Saved entries
>>>>>
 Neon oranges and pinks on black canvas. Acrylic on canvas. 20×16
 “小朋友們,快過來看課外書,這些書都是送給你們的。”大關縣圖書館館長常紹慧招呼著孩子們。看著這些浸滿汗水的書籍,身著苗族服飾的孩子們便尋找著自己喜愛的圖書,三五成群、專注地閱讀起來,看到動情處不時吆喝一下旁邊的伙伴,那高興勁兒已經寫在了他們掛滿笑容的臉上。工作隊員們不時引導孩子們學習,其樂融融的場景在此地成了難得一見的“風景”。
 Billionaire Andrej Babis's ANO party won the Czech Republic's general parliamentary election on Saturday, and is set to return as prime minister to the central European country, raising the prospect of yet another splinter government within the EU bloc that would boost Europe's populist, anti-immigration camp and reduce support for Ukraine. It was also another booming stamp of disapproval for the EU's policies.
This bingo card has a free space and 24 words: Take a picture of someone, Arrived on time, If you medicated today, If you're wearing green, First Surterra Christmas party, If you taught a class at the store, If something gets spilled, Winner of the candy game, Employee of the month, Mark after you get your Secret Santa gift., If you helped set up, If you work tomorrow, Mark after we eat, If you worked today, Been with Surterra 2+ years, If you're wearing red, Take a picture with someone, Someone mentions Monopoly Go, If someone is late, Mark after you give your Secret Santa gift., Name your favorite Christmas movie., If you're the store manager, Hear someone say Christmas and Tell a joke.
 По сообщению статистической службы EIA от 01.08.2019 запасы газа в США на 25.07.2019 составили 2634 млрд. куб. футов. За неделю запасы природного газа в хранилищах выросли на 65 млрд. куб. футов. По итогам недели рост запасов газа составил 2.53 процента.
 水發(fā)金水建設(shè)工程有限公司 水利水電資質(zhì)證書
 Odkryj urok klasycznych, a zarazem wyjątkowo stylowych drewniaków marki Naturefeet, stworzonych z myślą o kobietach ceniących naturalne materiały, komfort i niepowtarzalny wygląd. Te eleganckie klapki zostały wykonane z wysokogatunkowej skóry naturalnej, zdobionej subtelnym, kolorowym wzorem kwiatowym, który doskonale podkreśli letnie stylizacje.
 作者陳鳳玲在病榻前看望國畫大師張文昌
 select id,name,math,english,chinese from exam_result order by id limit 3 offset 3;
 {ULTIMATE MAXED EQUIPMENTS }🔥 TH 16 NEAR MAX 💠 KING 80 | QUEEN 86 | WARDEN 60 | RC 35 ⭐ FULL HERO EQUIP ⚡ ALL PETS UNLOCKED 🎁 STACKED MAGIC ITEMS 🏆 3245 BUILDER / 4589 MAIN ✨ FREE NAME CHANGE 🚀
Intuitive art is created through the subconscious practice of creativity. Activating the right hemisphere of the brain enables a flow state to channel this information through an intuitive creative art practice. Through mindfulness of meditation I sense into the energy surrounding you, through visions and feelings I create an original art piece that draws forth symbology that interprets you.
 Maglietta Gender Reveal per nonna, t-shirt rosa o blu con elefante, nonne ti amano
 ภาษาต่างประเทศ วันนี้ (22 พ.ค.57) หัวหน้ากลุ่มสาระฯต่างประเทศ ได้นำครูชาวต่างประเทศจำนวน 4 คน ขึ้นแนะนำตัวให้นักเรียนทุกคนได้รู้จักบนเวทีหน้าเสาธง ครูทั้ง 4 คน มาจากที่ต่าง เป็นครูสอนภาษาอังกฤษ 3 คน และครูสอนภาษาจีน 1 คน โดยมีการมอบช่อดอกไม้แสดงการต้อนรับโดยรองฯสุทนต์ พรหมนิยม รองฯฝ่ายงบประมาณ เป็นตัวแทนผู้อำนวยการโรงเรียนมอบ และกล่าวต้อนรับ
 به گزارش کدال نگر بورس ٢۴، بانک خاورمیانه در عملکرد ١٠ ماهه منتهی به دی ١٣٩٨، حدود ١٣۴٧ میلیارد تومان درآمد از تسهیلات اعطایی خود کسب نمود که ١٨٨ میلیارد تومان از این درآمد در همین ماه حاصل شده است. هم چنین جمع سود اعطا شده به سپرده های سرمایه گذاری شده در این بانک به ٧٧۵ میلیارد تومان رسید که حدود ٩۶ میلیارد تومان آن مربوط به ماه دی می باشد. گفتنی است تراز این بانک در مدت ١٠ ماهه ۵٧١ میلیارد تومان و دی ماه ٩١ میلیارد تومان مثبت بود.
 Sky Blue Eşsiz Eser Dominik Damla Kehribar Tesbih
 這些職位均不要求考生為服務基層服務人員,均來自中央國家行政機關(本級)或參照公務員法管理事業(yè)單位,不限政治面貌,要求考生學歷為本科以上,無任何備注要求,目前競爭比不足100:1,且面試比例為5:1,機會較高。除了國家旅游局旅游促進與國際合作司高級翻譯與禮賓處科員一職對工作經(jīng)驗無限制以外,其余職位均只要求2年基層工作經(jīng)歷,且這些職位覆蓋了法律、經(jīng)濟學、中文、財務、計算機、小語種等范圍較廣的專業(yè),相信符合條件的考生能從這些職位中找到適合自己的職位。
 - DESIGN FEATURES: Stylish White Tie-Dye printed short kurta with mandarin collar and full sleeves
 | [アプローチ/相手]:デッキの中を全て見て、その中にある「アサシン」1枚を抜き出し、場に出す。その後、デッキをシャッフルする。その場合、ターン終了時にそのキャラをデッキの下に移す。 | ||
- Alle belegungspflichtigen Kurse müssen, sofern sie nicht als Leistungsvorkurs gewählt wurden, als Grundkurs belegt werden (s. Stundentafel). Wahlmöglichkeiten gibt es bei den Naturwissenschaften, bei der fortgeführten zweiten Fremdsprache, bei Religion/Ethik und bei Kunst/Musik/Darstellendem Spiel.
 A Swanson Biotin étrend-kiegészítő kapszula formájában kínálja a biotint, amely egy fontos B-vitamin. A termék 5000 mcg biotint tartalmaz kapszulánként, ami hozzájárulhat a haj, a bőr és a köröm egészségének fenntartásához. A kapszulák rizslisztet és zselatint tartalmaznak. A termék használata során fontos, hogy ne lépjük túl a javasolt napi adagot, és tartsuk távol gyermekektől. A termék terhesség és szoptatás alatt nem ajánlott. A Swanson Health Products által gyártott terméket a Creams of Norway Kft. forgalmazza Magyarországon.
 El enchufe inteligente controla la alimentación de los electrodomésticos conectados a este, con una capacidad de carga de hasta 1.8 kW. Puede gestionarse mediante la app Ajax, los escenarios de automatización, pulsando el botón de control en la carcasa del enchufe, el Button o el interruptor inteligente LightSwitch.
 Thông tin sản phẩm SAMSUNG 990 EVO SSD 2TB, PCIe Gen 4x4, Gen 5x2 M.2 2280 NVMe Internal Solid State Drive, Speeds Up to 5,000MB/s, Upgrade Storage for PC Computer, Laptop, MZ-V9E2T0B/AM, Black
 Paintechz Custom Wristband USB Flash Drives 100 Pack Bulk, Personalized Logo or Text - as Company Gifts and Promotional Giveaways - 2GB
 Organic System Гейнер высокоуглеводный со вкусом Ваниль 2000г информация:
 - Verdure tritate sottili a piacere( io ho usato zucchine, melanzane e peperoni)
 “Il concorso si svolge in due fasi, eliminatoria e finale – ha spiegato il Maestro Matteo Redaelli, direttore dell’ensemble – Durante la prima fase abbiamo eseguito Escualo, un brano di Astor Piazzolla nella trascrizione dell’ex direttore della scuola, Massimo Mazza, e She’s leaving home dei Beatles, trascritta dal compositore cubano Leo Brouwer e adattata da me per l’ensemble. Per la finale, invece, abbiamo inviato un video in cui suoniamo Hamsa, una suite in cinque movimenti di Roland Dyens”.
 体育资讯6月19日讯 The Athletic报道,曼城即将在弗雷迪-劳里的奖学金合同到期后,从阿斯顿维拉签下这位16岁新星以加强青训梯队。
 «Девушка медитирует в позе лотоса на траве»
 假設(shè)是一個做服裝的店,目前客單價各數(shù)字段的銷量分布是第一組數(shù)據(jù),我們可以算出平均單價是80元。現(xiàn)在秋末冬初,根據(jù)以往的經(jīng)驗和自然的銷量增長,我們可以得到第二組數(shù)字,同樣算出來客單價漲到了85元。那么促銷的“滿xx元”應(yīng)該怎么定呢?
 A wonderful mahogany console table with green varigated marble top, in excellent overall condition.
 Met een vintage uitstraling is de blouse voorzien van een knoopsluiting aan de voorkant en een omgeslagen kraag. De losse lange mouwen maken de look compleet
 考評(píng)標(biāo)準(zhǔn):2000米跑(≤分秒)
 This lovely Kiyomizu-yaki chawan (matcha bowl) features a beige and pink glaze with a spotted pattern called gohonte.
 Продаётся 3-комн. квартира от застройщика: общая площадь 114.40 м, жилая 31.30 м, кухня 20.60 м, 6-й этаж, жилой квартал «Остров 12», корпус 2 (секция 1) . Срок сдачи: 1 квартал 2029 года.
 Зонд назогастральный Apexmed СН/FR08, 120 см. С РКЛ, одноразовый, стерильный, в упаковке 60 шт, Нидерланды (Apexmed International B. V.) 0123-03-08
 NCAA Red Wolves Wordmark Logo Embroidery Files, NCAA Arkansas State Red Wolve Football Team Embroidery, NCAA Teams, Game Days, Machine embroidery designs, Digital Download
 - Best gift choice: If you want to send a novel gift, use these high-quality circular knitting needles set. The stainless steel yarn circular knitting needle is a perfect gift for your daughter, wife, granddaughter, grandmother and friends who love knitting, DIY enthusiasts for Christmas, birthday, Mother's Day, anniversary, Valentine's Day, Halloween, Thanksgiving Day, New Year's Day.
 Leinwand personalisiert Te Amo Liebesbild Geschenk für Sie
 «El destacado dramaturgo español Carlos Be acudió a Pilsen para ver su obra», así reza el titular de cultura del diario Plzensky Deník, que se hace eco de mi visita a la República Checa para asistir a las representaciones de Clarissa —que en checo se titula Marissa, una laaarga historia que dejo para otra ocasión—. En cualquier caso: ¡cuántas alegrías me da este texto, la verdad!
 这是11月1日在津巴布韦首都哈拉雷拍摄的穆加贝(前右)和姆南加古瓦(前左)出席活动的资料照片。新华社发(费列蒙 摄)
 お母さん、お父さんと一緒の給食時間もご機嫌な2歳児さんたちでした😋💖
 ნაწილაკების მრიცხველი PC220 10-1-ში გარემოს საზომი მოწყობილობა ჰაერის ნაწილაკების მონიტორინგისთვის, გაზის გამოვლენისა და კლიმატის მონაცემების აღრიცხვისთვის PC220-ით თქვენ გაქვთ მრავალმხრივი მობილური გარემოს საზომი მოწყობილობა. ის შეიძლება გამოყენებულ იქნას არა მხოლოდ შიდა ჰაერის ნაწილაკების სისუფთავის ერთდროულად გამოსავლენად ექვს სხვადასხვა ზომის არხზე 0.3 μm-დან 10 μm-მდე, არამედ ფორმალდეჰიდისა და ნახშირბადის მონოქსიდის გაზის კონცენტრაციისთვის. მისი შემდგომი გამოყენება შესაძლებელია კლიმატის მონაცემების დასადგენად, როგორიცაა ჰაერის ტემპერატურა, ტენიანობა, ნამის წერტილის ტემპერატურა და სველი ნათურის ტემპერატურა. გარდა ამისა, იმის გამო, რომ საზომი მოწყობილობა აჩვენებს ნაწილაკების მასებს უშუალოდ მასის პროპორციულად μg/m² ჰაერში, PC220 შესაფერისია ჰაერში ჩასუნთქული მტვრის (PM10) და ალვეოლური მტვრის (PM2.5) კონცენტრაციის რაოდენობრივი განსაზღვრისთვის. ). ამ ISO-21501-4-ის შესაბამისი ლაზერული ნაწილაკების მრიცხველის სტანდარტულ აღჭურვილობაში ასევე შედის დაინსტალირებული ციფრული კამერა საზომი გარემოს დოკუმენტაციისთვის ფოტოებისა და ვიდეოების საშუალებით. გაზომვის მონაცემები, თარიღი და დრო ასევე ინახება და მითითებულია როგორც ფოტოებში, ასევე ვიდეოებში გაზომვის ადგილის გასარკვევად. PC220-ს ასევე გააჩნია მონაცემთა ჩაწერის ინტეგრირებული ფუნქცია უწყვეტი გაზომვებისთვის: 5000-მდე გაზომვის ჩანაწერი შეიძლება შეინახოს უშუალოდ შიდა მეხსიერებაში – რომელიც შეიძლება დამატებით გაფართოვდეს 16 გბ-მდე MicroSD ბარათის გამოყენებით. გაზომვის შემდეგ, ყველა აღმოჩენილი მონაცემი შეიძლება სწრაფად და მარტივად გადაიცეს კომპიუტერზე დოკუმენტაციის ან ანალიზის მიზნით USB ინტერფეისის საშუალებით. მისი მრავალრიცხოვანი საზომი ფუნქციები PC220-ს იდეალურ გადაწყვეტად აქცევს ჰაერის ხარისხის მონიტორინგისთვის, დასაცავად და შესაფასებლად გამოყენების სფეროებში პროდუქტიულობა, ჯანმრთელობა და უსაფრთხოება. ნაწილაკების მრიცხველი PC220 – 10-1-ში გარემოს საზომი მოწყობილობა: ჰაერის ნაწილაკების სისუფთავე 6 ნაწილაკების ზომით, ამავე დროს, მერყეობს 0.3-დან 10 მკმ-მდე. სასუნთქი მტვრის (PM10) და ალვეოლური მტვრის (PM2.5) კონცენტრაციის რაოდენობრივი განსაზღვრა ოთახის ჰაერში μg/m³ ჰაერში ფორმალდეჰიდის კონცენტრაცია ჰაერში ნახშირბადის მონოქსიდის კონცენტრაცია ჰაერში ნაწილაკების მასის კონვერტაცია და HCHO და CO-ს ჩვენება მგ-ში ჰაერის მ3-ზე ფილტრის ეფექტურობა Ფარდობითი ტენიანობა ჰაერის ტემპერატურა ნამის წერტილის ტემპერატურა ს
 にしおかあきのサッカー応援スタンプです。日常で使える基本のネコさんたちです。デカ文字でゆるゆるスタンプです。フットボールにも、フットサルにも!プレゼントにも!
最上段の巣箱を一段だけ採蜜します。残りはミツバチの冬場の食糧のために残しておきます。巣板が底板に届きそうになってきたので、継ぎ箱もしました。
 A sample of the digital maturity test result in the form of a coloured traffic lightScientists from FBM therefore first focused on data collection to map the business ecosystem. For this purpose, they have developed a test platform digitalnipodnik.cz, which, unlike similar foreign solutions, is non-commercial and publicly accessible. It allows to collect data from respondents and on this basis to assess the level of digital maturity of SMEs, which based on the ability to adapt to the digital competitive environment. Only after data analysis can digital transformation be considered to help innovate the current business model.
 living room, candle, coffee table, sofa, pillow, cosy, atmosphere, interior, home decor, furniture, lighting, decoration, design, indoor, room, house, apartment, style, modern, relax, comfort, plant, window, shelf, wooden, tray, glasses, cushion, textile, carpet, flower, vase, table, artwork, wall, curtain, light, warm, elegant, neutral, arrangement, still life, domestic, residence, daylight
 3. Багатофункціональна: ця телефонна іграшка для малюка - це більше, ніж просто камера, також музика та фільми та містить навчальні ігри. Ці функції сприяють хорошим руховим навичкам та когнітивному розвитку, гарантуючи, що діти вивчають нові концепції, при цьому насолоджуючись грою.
<<<<<
_Your assignment_. Send back an exact copy of only the lines from the line with "Odkryj urok klasycznych, a" up to and including the line with "Maglietta Gender Reveal" in the data above.

_Expected answer_.
 Odkryj urok klasycznych, a zarazem wyjątkowo stylowych drewniaków marki Naturefeet, stworzonych z myślą o kobietach ceniących naturalne materiały, komfort i niepowtarzalny wygląd. Te eleganckie klapki zostały wykonane z wysokogatunkowej skóry naturalnej, zdobionej subtelnym, kolorowym wzorem kwiatowym, który doskonale podkreśli letnie stylizacje.
 作者陳鳳玲在病榻前看望國畫大師張文昌
 select id,name,math,english,chinese from exam_result order by id limit 3 offset 3;
 {ULTIMATE MAXED EQUIPMENTS }🔥 TH 16 NEAR MAX 💠 KING 80 | QUEEN 86 | WARDEN 60 | RC 35 ⭐ FULL HERO EQUIP ⚡ ALL PETS UNLOCKED 🎁 STACKED MAGIC ITEMS 🏆 3245 BUILDER / 4589 MAIN ✨ FREE NAME CHANGE 🚀
Intuitive art is created through the subconscious practice of creativity. Activating the right hemisphere of the brain enables a flow state to channel this information through an intuitive creative art practice. Through mindfulness of meditation I sense into the energy surrounding you, through visions and feelings I create an original art piece that draws forth symbology that interprets you.
 Maglietta Gender Reveal per nonna, t-shirt rosa o blu con elefante, nonne ti amano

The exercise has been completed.